A Lightweight Uav Swarm Detection Method Integrated Attention Mechanism

by Chuanyun Wang 1, Linlin Meng 1, Qian Gao 1,*, Jingjing Wang 2, Tian Wang 3, Xiaona Liu 4, Furui Du 5, Linlin Wang 1 and Ershen Wang 6
Submission received: 27 November 2022 / Revised: 22 December 2022 / Accepted: 23 December 2022 / Published: 25 December 2022
(This article belongs to the Special Issue Intelligent Coordination of UAV Swarm Systems)

Round 1

Reviewer 1 Report

Authors of this paper propose a lightweight UAV swarm de- 18 tection method integrated attention mechanism by referring to YOLOX. The paper is well written as far as it goes and the treated problem is clear.

Please include the achieved performance IN NUMBERS at the end of the abstract

The related work is more YOLO-oriented rather than swarm detection oriented. Besides, A comparative table clearly showing the position of this work compared to what has been already done is highly recommended.

The use of YOLO should also be more justified. We all agree that transfer learning methods are the fastest and easiest way in any object detection problem. However, we should justify all the hyper parameters.

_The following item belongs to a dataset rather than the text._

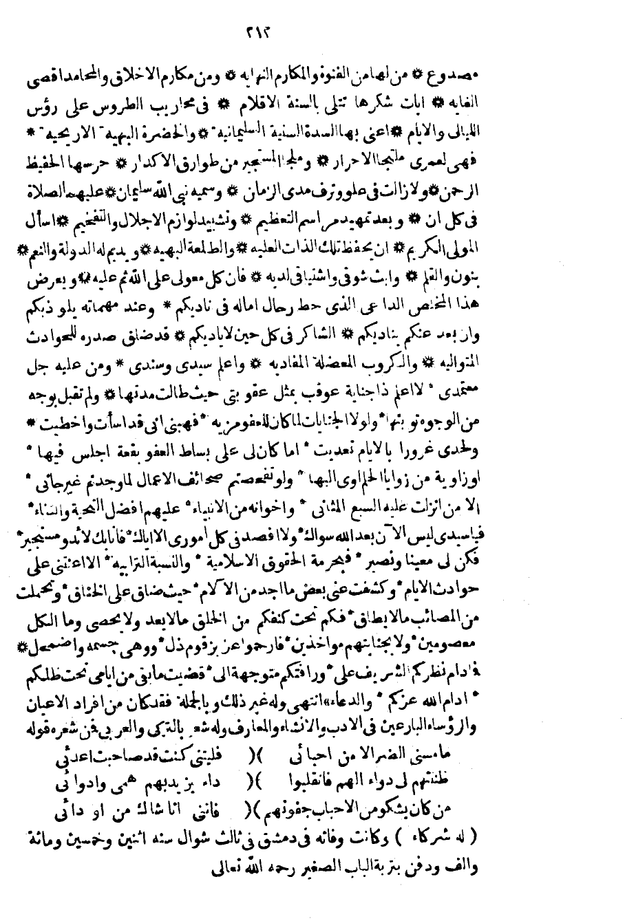 مصدوع من لها من الفنوة والمكارم النهايه ومن مكارم الأخلاق والمحامد أقصى الغاية آيات شكرها تتلى بألسنة الأقلام في محاريب الطروس على رؤس الليالي والأيام أعنى بها السدة السنية السليمانية والخضرة البهية الأريحية فهي لعمري ملتجأ الأحرار وملجأ المستجير من طوارق الأكدار حرسها الحفيظ الرحمن ولا زالت في علو وترف مدى الزمان وسميه نبي الله سليمان عليهما الصلاة في كل آن وبعد تمهيد مراسم التعظيم وتشييد لوازم الأجلال والتفخيم أسأل المولى الكريم أن يحفظ تلك الذات العلية والطلعة البهية ويديم له الدولة والنعم بنون والقلم وأبث شوقي واشتياقي لديه فإن كل معولي على الله ثم عليه ويعرض هذا المخلص الداعي الذي حط رحال أماله في ناديكم وعند مهماته يلوذ بكم وأن بعد عنكم يناديكم الشاكر في كل حين لأياديكم قد ضاق صدره للحوادث المتوالية والكروب المعضلة المفادية وأعلم سيدي وسندي ومن عليه جل معتمدي لا أعلم ذا جناية عوقب بمثل عقوبتي حيث طالت مدتها ولم تقبل بوجه من الوجوه توبتها ولولا الجنايات لما كان للعفو مزيه فهبني أني قد أسأت وأخطيت ولحدي غروراً بالأيام تعديت أما كان لي على بساط العفو بقعة أجلس فيها أو زاوية من زوايا الحلم أوى ألبها ولم تفحصتم صحائف الأعمال لما وجدتم غير جاني إلا من أنزلت عليه السبع المثاني وإخوانه من الأنبياء عليهم أفضل التحية والثناء فيا سيدي ليس الآن بعد الله سواك ولا أقصد في كل أموري إلا إياك فأنا بك لائد ومستجير فكن لي معيناً ونصير فبحرمة الحقوق الاسلامية والنسبة الترابية ألا أعتني على حوادث الأيام وكشفت عني بعض ما أجد من الآلام حيث ضاق علي الخناق وتحملت من المصائب ما لا يطاق فكم تحت كنفكم من الخلق ما لا يعد ولا يحصى وما الكل معصومين ولا بجنابتهم وأخذين فارحموا عزيز قوم ذل ووهى جسمه واضمحل فما دام نظركم الشريف على ورأفتكم متوجهة إلي قضيت ما بقي من أيامي تحت ظلكم أدام الله عزكم والدعاء انتهى وله غير ذلك وبالجملة فقد كان من أفراد الأعيان والرؤساء البارعين في الأدب والانشاء والمعارف وله شعر بالتركي والعربي فمن شعره قوله

Any reader can easily see that this work is more machine learning oriented and the obtained results are very expected. Since you apply it for the context of UAVs, more UAVs-related performance evalaluation should be discussed including energy, throughput, bandwidth occupency and PDR.

Many relevent and related works have been omitted including:

https://link.springer.com/article/10.1007/s10462-022-10281-7

https://www.mdpi.com/2079-9292/11/7/1128

https://link.springer.com/article/10.1007/s11276-022-03031-8

https://link.springer.com/article/10.1007/s11721-022-00218-9

https://ieeexplore.ieee.org/document/9842808

Author Response

Dear reviewer:

Thanks very much for taking your time to review this manuscript. We really appreciate all your comments and suggestions. Please find our itemized responses in below and revisions in the re-submitted files.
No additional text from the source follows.